Stopping bad eating habits and achieving  a balanced and healthy lifestyle. isn’t always that easy.  There are so many different advice out there, different products being put in front of you and making the right choices becomes hard work  –  this is not a lifestyle.

Lifestyle should mean easy, comfortable, routine.  For the rest of your life.  Lifestyle means making the right choices, every day. 24/7

To make the right choices, we sometimes need good advice, tools to assist you.  Here are a few:

DON’T BE A MINDLESS SHOPPER

One of the biggest problems is that eating healthy had become very expensive.  The trick is to hit the shops knowing what you need.

I often watch people doing their shopping. I have my little trolley of fruits and vegetables and many people simply go down the aisles chucking in things that are tempting  –  this is what’s called “mindless shopping”

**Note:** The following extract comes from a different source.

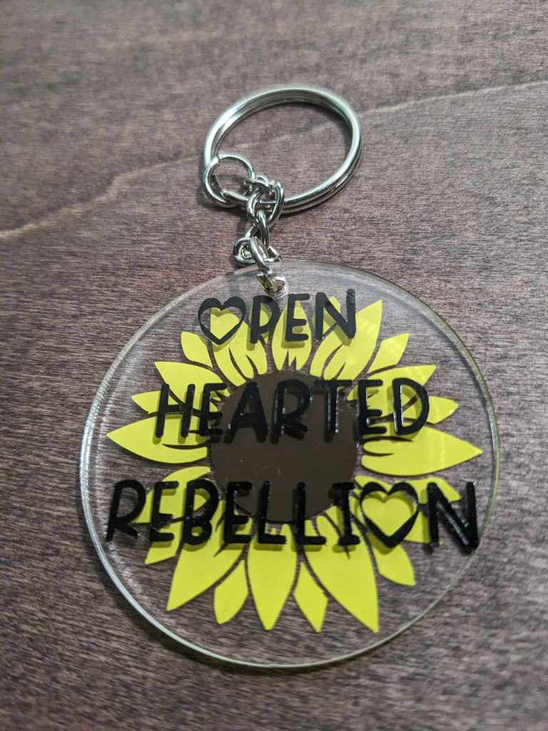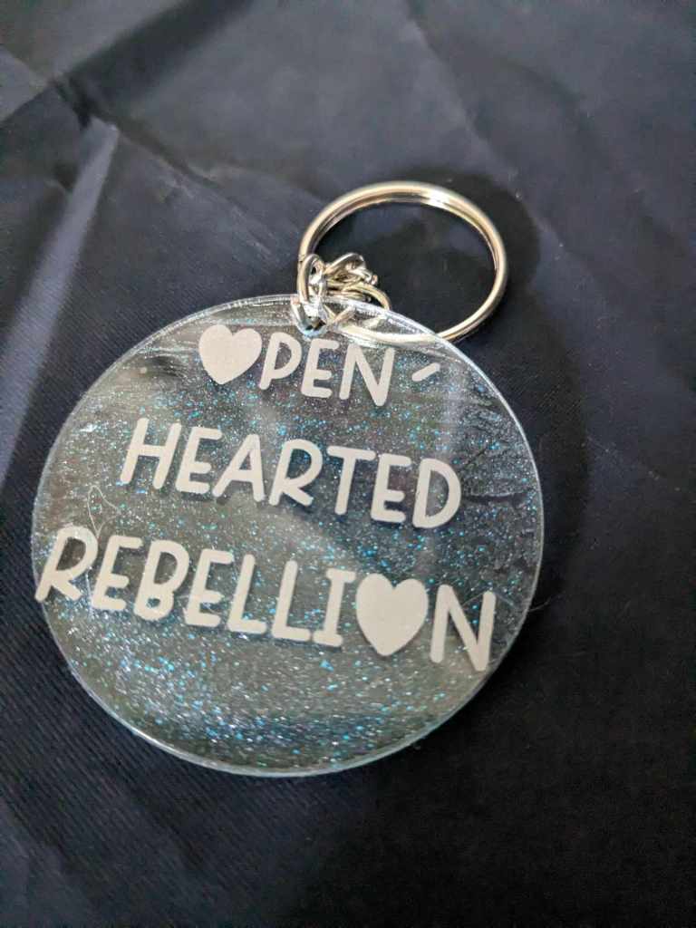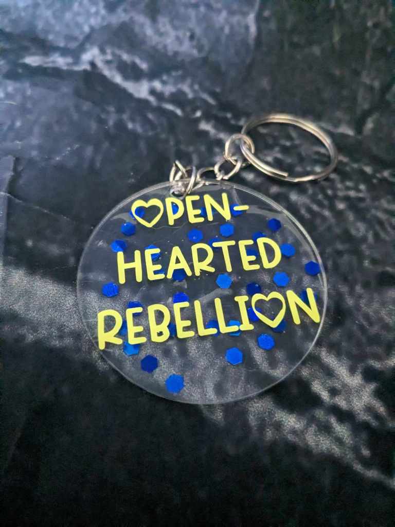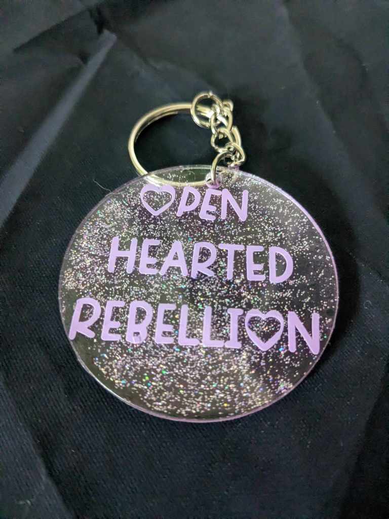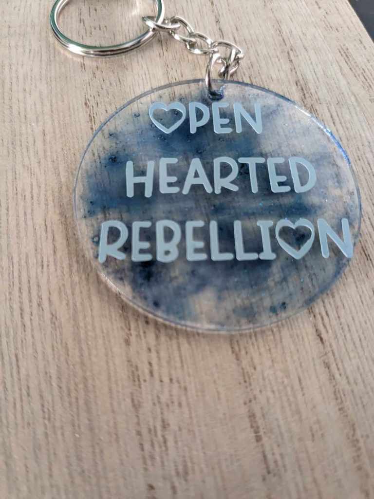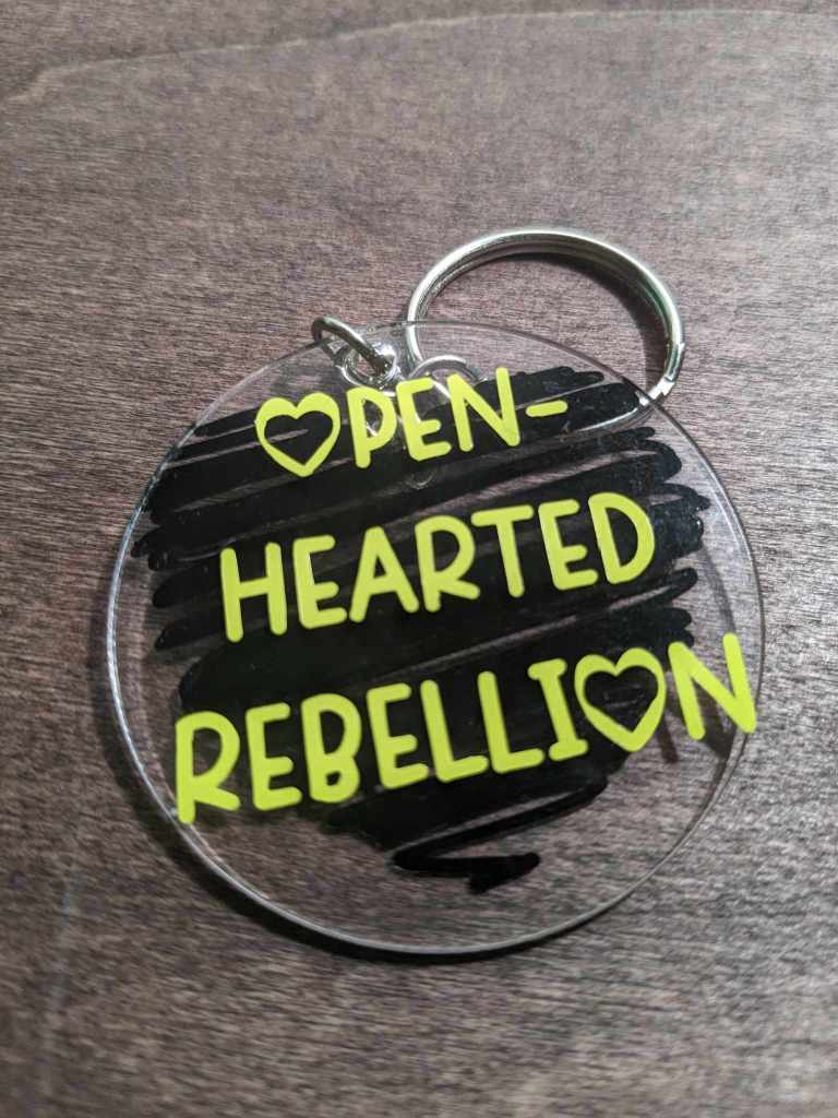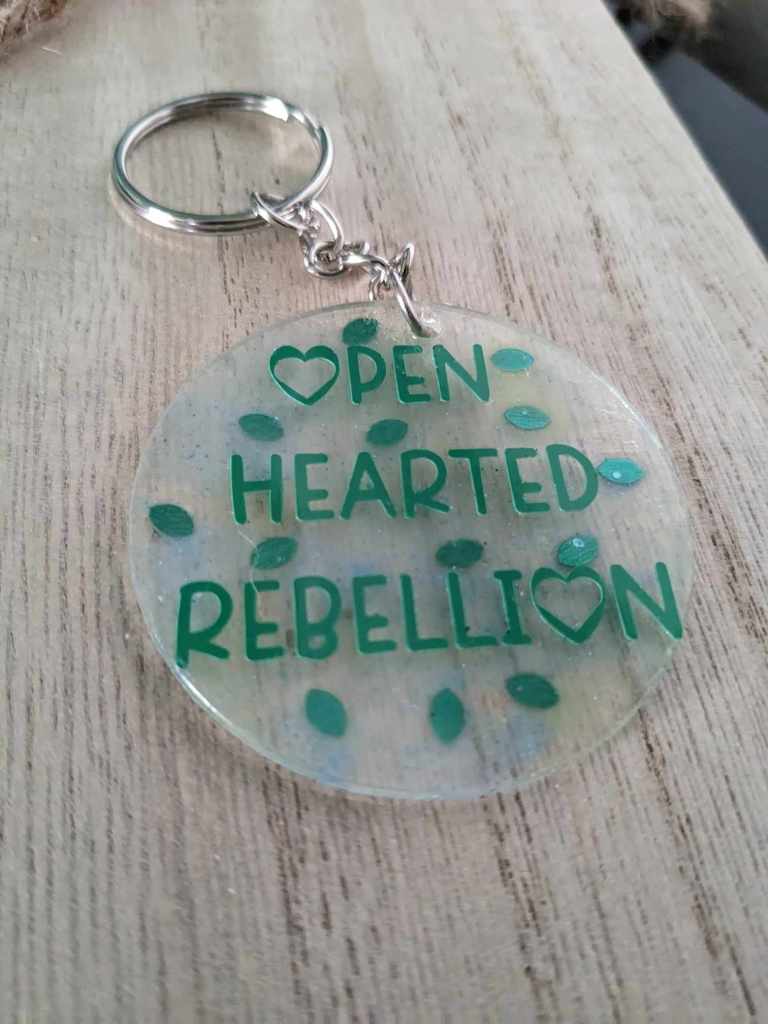 I am excited to announce that we are offering Openhearted Rebellion keychains for those who would like to support the blog and receive a neat little trinket in return. Each keychain will be one of a kind, as there is no method to our madness.

Grocery shopping isn’t something you should do after work with the thought of whipping up a quick meal.  Do a weekly shopping trip to stock your fridge and pantry with the right food.

Even if it turns out that shopping for healthier alternatives is a bit more expensive, it really is the best long-term health investment you can make.

PLAN AHEAD

Bad eating habits are often based on ease and convenience, so the best way to break them is to make sure healthier alternatives are always at hand.  You’ve got to make sure your house is filled with healthier versions of the things you often fall back on.

Keep a food dairy for the week, then going through it and identify the unhealthy items.  Once you know what they are, find healthier alternatives.

Eg.:  if you always end up eating white bread for lunch, buy a healthier loaf and keep it at work, or, if you keep craving milk chocolate when you have a 3pm slump, keep some dark chocolate in your drawer.

THE 80/20 APPROACH

I don’t believe in deprivation.  Indulgence is also important.  The 80/20 approach to food is better than hard to sustain diets.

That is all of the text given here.